The Geographical Spread of recent Homes England Grants

On 30 October 2018 in a short statement placed on the Ministry of Housing, Communities and Local Government website, the Government announced the ‘geographical targeting’ of the following five housing programmes:

  • the Housing Infrastructure Fund (HIF) Forward Fund (FF) (£500m announced in the Budget, in addition to £5 billion previously announced);
  • Estates Regeneration Fund (approximately £180m);
  • the short term Home Building Fund (£4.5bn);
  • Small Sites Fund (£630m); and
  • Land Assembly Fund (£1.3bn).

A minimum of 80% of resources available from those programmes will, on average over the next 5 years, be directed at areas of ‘highest affordability pressure’. These are defined using the ratio of median house prices to median workplace-based household income figures.

Homes England have verbally confirmed that this methodology applies to the HIF FF business plan projects already in development, which were announced in February 2018. Those local authority areas with a Forward Fund bid and not identified as having ‘high affordability pressure’ will be competing for a share of 20% of the £5.5 billion available for HIF FF.

This shift in direction is reflected in the Homes England Strategic Plan also published on 30 October 2018, with one of the Agency's key performance indicators being the share of funding to the ‘highest affordability pressure’ areas.

This geographical targeting of the five housing programmes follows the July 2018 announcement that £2 billion of Shared Ownership and Affordable Homes Programme grant funding now available for new social rent homes is limited to local authority areas with a ‘high affordability pressure’ where private rents are £50 or more higher per week than social rents. Only ten local authorities across the North are able to bid.

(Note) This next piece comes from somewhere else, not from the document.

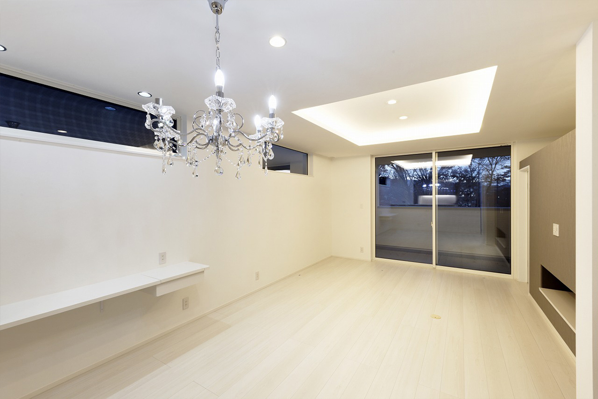 窓の外に広がる緑と空が暮らしの背景となり、四季の移ろいを感じながら、落ち着きのある時間を過ごすことができます。
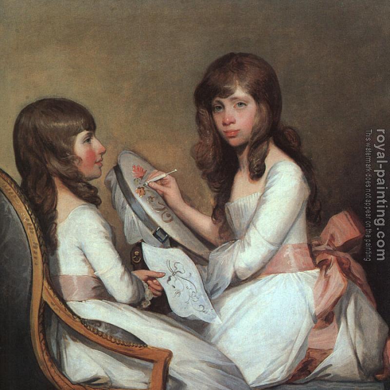 * Hand-painted Gilbert Charles Stuart Oil Painting Reproduction : Miss Dick and her Cousin Miss Forster

This formula was also to be applied to the Housing Revenue Account borrowing programme until the Prime Minister announced that the borrowing cap was to be lifted.

The new targeted approach of investment can be traced back to the inclusion of major housing programmes in the National Productivity Investment Fund (NPIF) established at Autumn Statement 2016, and then expanded to £31bn at Autumn Budget 2017 along with commitment to Government investment to the Cambridge-Oxford Arc. Responsibility for NPIF lies with the Treasury, with a consequent emphasis on financial criteria driven by property values, which disadvantages lower value areas including many parts of the North and Midlands.

We are particularly disappointed that areas that Key Cities represent appear to suffer as a result of this formula, particularly the North of England and the Midlands. We call on government to reconsider the methodology being used to calculate these grants.